MORE cycleways, streamlined main bus routes and people-friendly city centres are some of the key elements of the Tasmanian Government's sustainable passenger transport projects submitted to the Federal Government's Nation Building 2 (NB2) Program.
Sustainable Transport Minister Nick McKim last week said the package of exciting, sustainable and people-focused projects would, if successful, put people first, reduce congestion and carbon emissions and dramatically boost the liveability of the State's three main urban areas.
"People-friendly transport in our urban areas has long been underfunded. These projects would help make them 21st-century places to live, work and travel in," Mr McKim said.
NB2, the major national transport funding program for all states and territories, is a five-year program starting on 1 July 2014.
The overarching objective of NB2 is to "lift Australia's productivity through nationally significant land transport infrastructure". Projects to be funded under NB2 will be required to demonstrate links to significant national policies, such as the National Urban Policy.
The sustainable transport projects submitted by Tasmania in the NB2 round include:
- Main Road, Hobart: The State's busiest public transport corridor will be improved so that buses are given higher traffic priority, so they can travel more quickly between Hobart and the Northern Suburbs. Bus stops will also be upgraded.
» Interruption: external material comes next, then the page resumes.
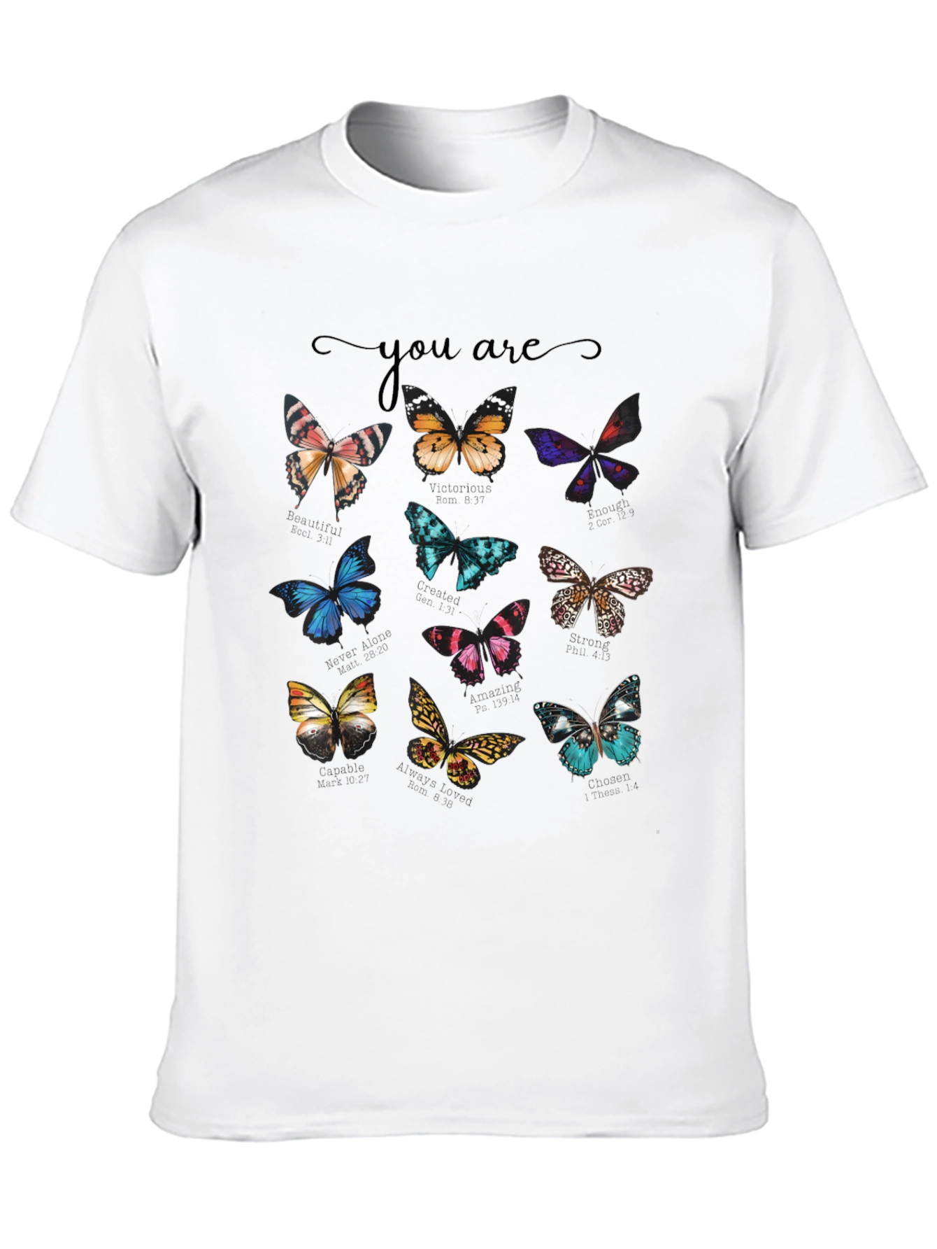 Show off your whimsical style with this black graphic t-shirt. Featuring a collection of colorful butterfly designs across the chest and the phrase "You Are" in a delicate script above. The classic crew neck and short sleeves offer a comfortable and casual fit. This tee is perfect for everyday wear, casual outings, or adding a touch of nature-inspired charm to your wardrobe. Pair it with jeans, shorts, or a skirt for a versatile and stylish look. The eye-catching butterfly design ensures you'll stand out in any crowd.

- Macquarie Street, Hobart: Extension of Southern Outlet bus lane, bus streamlining improvements.
- Burnie cycleways: Several new cycleways, including from Burnie Park to Bass Highway via Futuna Road; Marine Terrace, Wilmot to Spring streets and Burnie Park to Malonga Street via West Park Grove and Mooreville Road.
- Launceston cycleways: Several new shared and bike-only cycleways, connecting the UTAS Inveresk campus with the city centre, including from Mowbray Link to Lindsay Street.
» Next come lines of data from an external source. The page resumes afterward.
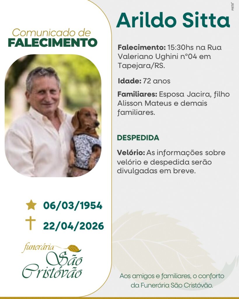 A Funerária São Cristóvão, juntamente com a família Sitta, comunica com pesar, o falecimento de Arildo Sitta, ocorrido às 15h30 do dia 22/04/2026 na Rua Valeriano Ughini, nº 4 em Tapejara com 72 anos de idade. Informações sobre velório e despedida em breve.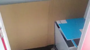 Der Deckel wird als statisch belastetes Bauteil aus dem gleichem Material entstehen, zusätzlich beschichtet mit einer Schichtstoffplatte wie auch die Küchenarbeitsplatte. Die Front wollte ich aus 3mm PVC-Schaum bauen, aber anders als die 10mm Platte ist die Oberfläche der 3mm Platte so weich, daß man sie mit dem Fingernagel einritzen kann.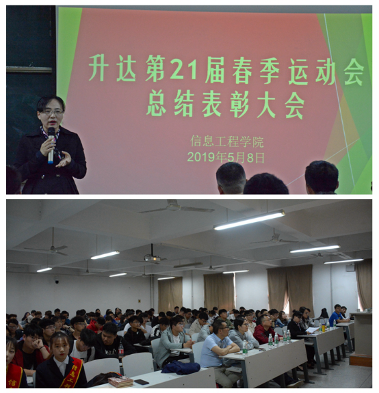 为了对运动会期间涌现出来的优秀运动员、仪仗队队员和工作人员进行表彰和鼓励,树立学习榜样,激发同学们的热情,加强集体荣誉感,使同学门感受体育文化的魅力,强化员工德智体美劳全面发展。太阳成集团tyc122cc于2019年5月8日中午12点15分,在资讯楼315举行太阳成集团第二十一届春季运动会太阳成集团tyc122cc总结表彰大会。公司党总支王新平书记,行政秘书兼团委书记张娟老师,团委常务副书记袁奉亚老师 ,18级辅导员张吉祥老师,18级辅导员王建红老师,17级辅导员张正圆老师,以及信工运动员们出席了本次大会。本次大会由朱九月同学主持。

- Hobart cycleways: A new cycleway from Domain, under Brooker Highway. New cycleway along Marieville Esplanade. New cycleway from UTAS Sandy Bay campus to Castray Esplanade, including an off-shore jetty walk and cycleway around Battery Point headland. (Three city cycleway projects costed at $30 million.)
- Latrobe to Devonport Cycleway: planning and delivery of a new active transport link between Latrobe and Devonport.
- Real-time Bus Passenger Information: Installing this technology across the Metro's urban network would mean real-time bus information for passengers. ($2.5 million).
- Hobart Central Bus Interchange Design: Funding to progress from a current Study of Hobart's central bus interchange facilities, to improve amenity and travel reliability ($1 million).
Mr McKim said a Hobart and Northern Suburbs light rail submission will be considered when the current Peer Review of last year's business case is completed.